Volvía a casa
feliz con la sonrisa prendida en una esquina del corazón pues el día había sido
fructífero en alegrías menudas por las ocurrencias de una madre que a veces se
convierte en niña y te provoca carcajadas y sobretodo mucha paz, incluso
compartimos en el jardín el rumor del agua en una fuente rodeada de flores
mientras la tarde se hacía ceniza y hollín. Al volver a casa y mientras el
coche zambullía kilómetros, miré por el parabrisas a ver si había encendida
alguna estrella cuando, de pronto, una
voz en la radio presagiaba palabras que iban a retorcer como un trapo
impregnado de estiércol mi presencia de ánimo. Muy bien no entendí el mensaje
al estar colgada mi mente entre la carretera y las sensaciones y mis ojos
buscando estrellas, pero el hombre que hablaba insistía en hablar de una playa
gris, de un mar sepulturero, de un jersey rojo…, unos pies pequeños. Aquellas
palabras deshilachadas me dejaron intrigada, con la intuición cosida a malos augurios,
aunque después de escuchar, leer y ver cada día tanto drama pululando en el
aire, el corazón late al ritmo de un cartón no sintiendo la realidad de la
desgracia de muchos como algo tuyo.
Cuando llegué a
casa, agradecí una copa de buen vino, un cigarrillo de placer, la mirada
amorosa de un marido, las noticias de unos hijos aventureros, el calor del
hogar. No me faltaba nada, las necesidades básicas de un ser humano y más, las
tenía completas, incluso sobredimensionadas, y me dispuse a ojear la prensa
digital. No tuve que buscar nada para comprender, visualizar y sentir las
palabras del hombre de la radio. El símbolo de un drama ante mis ojos
inmovilizados ante una figurilla que más bien parecía un muñeco perdido en una
playa de aguas sin color bajo un cielo carbón. Unas piernitas que parecían dos
palillos cuyo fin eran estar enganchadas a un par de zapatos del tamaño de un
juguete. El cuerpecillo del muñeco iba revestido de una camiseta roja, tal vez
el presagio de la sangre derramada, de la incontinencia verbal que nada dice,
de ojos que vuelven la mirada hacia otros infinitos para no ensuciar sus vistas
mancilladas, y no escuchar el llanto mudo de aquel muñeco en una playa, Cuando
pude recuperar el latido, leí palabras sueltas como la muerte de un ruiseñor o
la vergüenza de Europa…, palabras huecas. Claro que al periodista de turno que
le toco semejante labor de descifrar en una columna aquella foto, estaría tan
atolondrado por el impacto que solo sentía escarnio ante aquel cuerpecillo
indefenso y silencioso vestido de rojo pasión.
Mi mente estuvo
en blanco un buen rato hasta que tartamudeando pensamientos, pude coser
medianamente una idea: si la imagen de ese ruiseñor, cuyo vuelo no pudo
remontar la indiferencia y el egoísmo de nuestras posturas, sirviera, para los que hoy hemos catapultado
los ojos en esa imagen cruel, para ser un poco mejores, habría valido la pena…

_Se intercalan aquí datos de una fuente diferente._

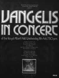 Pictured to the right is an ad for this concert published in British music paper "Sounds" (Feb 7, 1976). The show was staged right after the release of "Heaven and Hell". Vangelis himself said about this concert:
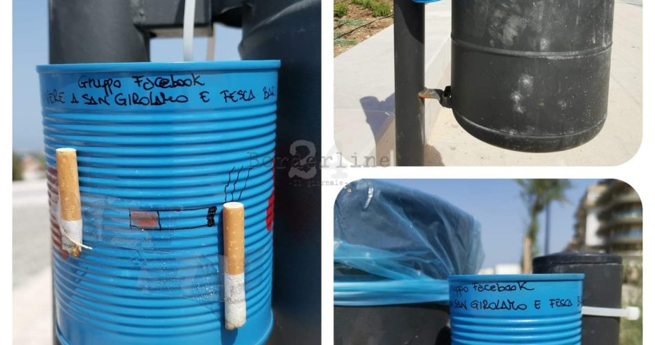 Arrivano i posacenere fai da te sul lungomare San Girolamo. Realizzati dai cittadini riuniti nella pagina “Vivere San Girolamo – Fesca”. “Noi crediamo che per essere credibili dobbiamo tutti sporcarci le mani – scrivono i residenti – Questo pomeriggio abbiamo installato i primi posacenere sul nostro lungomare, per cercare di tenere più pulito il nostro quartiere. Noi abbiamo fatto la nostra parte e per ora abbiamo coperto una zona del Lungomare. Ci occuperemo di svuotarli, ma questa operazione è solo un modo per stimolare l’amministrazione all’installazione di posacenere definitivi. Noi dimostriamo di utilizzarli con la nostra civiltà”.

Fue mi único consuelo mientras mi mirada
se topaba con una percha en la cual estaba una camisa colgada. La había
comprado ese mismo día por tan solo diez euros. Diez euros que no era dinero y sin
embargo diez euros para millones de personas que no conocía y que nunca
sentiría ningún apego por ellas, diez euros serían simplemente una fortuna.
Apagué la luz
para no ver mi bochorno y obscenidad.
1 comentario:
Estoy seguro que una gran cantidad de europeos vivimos muy por encima de nuestras necesidades básicas. Lo expresas muy bien con el ejemplo de tu camisa de 10 euros.
También estoy convencido que una sociedad que tuviera unos pastores con corazón sabría encontrar institucionalmente los caminos para deshacerse voluntariamente de todo ese excedente privado que -cambiado de manos- haría un bien inmenso a los que lo recibiesen; pero sobre todo, a los benefactores.
Mucho suena lo de la crisis económica, pero esta es solo una consecuencia de la crisis de valores. Esa es la que más nos debería espantar, porque es la que nos ha de llevar de cabeza al abismo.
Un beso, amiga. Qué pases buen fin de semana.